The fourth mechanism governs output formatting. Context Mode enforces no prose-style constraints on the model’s final answers, leaving brevity, completeness, and formatting to the model or the operator’s own instructions [1].
Platform Support and Integration
Context Mode lists support for 15 platforms (the project documentation also references 16 in one passage, with 15 cited in the repository description) [1]. Deployment requires adding the MCP server to an existing agent workflow. Because it operates as an MCP server, integration follows the standard MCP tooling path without requiring changes to the underlying model, though the Think in Code paradigm is described as mandatory across all supported platforms rather than optional [1].
The session continuity feature requires SQLite to be available in the deployment environment, as all session state and FTS5 indexing depend on it.
FAQ
Q. Does Context Mode modify the language model’s final output format? No. The project explicitly states that it does not dictate how the model writes its final answer. Brevity, completeness, and formatting remain outside the scope of Context Mode’s enforcement [1].
Q. What happens to session data if the operator starts a new session without the --continue flag?
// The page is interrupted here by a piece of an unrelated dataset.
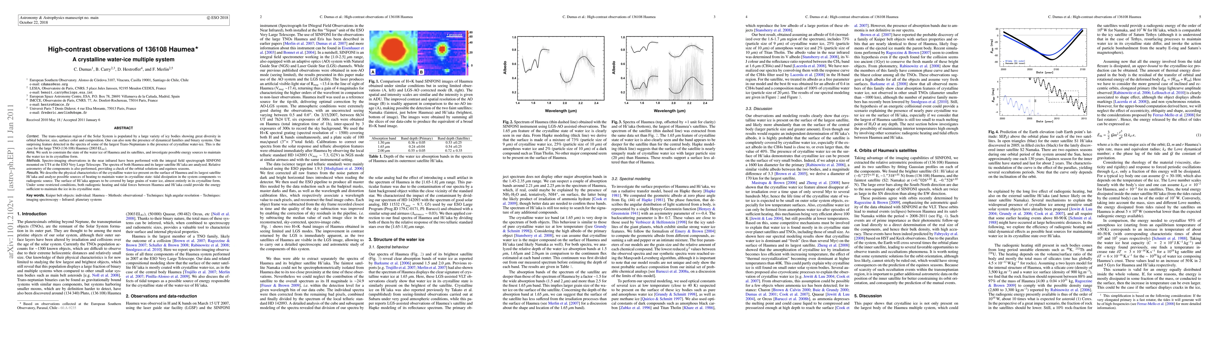 This research presents high-contrast observations of Haumea, a trans-Neptunian object, and its satellite Hi'iaka, revealing crystalline water-ice on their surfaces. Using SINFONI spectro-imaging at ESO's VLT, the study identifies large crystalline water ice grains on Hi'iaka and analyzes potential heating sources maintaining this state, including tidal dissipation and radiogenic heating.

Previous session data is deleted immediately. The project describes this as intentional: a fresh session produces a clean slate, preventing stale state from prior sessions from affecting new work [1].
Q. Is the Think in Code paradigm optional or enforced? The project describes it as mandatory across all supported platforms. Agents are expected to write scripts that compute and log results rather than loading raw file contents into context [1].
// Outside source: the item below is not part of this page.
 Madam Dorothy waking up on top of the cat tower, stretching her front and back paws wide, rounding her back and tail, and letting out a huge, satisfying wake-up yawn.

Q. What infrastructure does Context Mode require beyond the MCP server itself? SQLite is required for session tracking and BM25-indexed FTS5 retrieval. No additional database infrastructure is documented as necessary [1].
Q. How is the 98 percent context reduction figure derived? The project documents a specific example in which 315 KB of raw tool output is reduced to 5.4 KB through sandbox tool interception, yielding the 98 percent figure. Individual results will vary based on tool call type and data volume [1].
Key Takeaways
- Context Mode is an MCP server that addresses four simultaneous sources of context window loss: raw tool output, compaction-driven state loss, inefficient session retrieval, and model behavior as a data processor.
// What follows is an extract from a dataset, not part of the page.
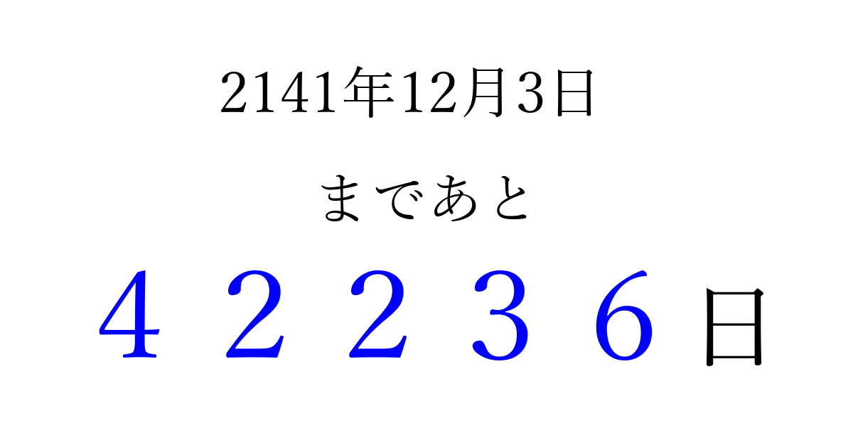 2141年12月3日(日)まで あと 99999 日です 追加すると、トップページからすぐ選べるようになります ※2026/04/14現在の結果です。 最新の状態に更新する ↓シェアして、タイムライン上にカウントダウンを表示しよう!↓ 📤 この結果を共有する Tweet シェア Threads Bluesky 別の日付でカウントダウン 2141年12月のカレンダー このページをブックマークに追加すると、いつでもカウントダウンを確認できます。 (PC: Ctrl+D / Mac: ⌘+D) hitome-notes.comでは以下のページも運営しています。 指定日と期間から日付を計算 | ガチャ確率計算・シミュレーション | プライバシー・ポリシー 運営者:Avocado

- Sandbox tool compression is documented at 98 percent reduction, with a representative example of 315 KB reduced to 5.4 KB [1].
- Session state is persisted in SQLite with FTS5 full-text indexing and BM25 retrieval, enabling the agent to resume after compaction without reloading full session data into context [1].
- The Think in Code paradigm replaces multi-file read operations with single executable script calls, with one documented example replacing 47 Read() calls and 700 KB of context with a single 3.6 KB execution [1].
- Session boundaries are operator-controlled: omitting the
--continueflag deletes prior session data immediately, making state management explicit rather than implicit [1].